Why Domain-Driven Design & Event Sourcing and its Benefits

Monolith application, there are several problems that technical and non-technical teams are trying to deal with because of Monolith application and Layered architecture:

• When the number of requirements increases and different domains and new features are added at different times, it becomes inevitable that the code structure becomes more complex, and adding new features can be quite difficult for developers and also product owners, and business analysts.
• Monolith applications use the layered architecture which is MVC. This put the Model between the Controller and the database, and it almost acts like a database abstraction layer. It generally uses an anemic domain model where the domain objects contain little or no business logic so this can not provide enough rules about declaring boundaries. Because there are no certain boundaries new requirements make apps more complex.
• Too much priority is given to the database so developers are started to think of database-oriented.
• There are complex, slow, and crashing database queries that prevent customers to have a fast app experience.
• There are strongly dependent services where an operation is performed on one service and that service calls directly to another service to cause a balancing operation.
• Communication of team members between business experts and technical and non-technical team members to successfully design and implement a system that solves a business problem is the main goal of teams but because there is no common language between team members and they are not talking in the same language, it may leave its original goals.

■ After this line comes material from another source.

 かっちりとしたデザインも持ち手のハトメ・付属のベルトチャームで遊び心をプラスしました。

Because of all these problems, Domain-Driven Design (DDD) is a really good solution to solve these challenges by bringing together the technical and non-technical teams that working on a software project and this is providing a set of practices and architectural patterns that makes it easy to build a successful, maintainable and stable system.

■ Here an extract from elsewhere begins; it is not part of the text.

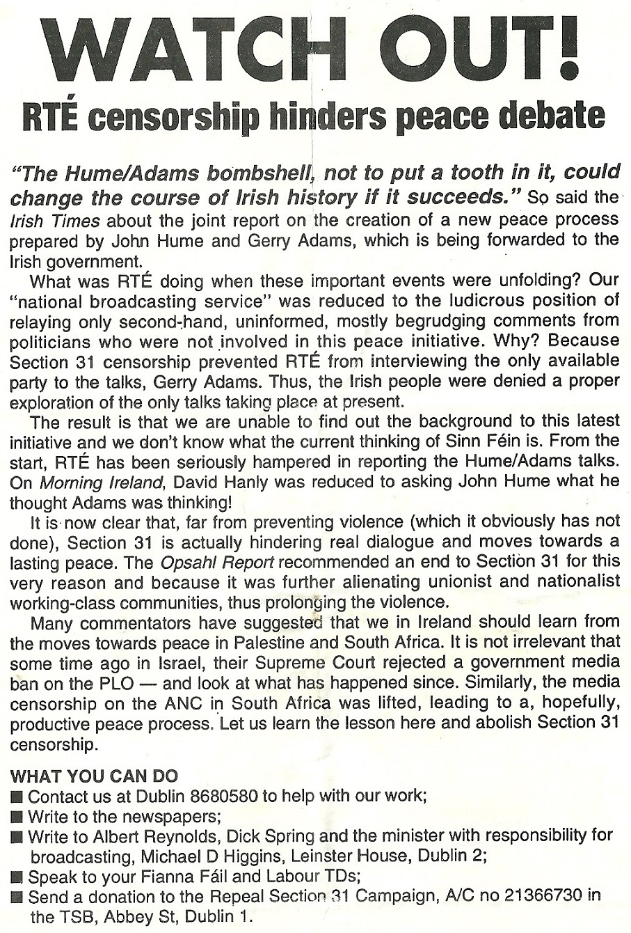 “Watch Out! RTE “News”? Censorship breeds ignorance” leaflet from the Repeal Section 31 Campaign. The leaflet is from 1993 . In January 1994 Section 31 of the broadcasting act was not renewed by the then Minister Michael D. Higgins..

This article is going to give detailed information about What are Domain-Driven Design & Event Sourcing and its benefits?

What is Domain-Driven Design?

DDD is a set of tools that help you design and implement high-value software, both strategically and tactically.

Strategic Design

This is the first step of DDD and It is used for what is strategically important to your business and how can we divide our business by its importance level and how to integrate it as needed.

Firstly, we need to define bounded contexts by segregating our domain models. Then we need to develop a common language for an agreement between domain experts and technical team members for each bounded context which is called Ubiquitous Language. The language that we develop together will be used in the written, verbal communication, and software model of the team. Then, we can use Subdomains to help us deal with the complexity of legacy systems. Also, we can integrate multiple Bounded Contexts using a technique called Context Mapping.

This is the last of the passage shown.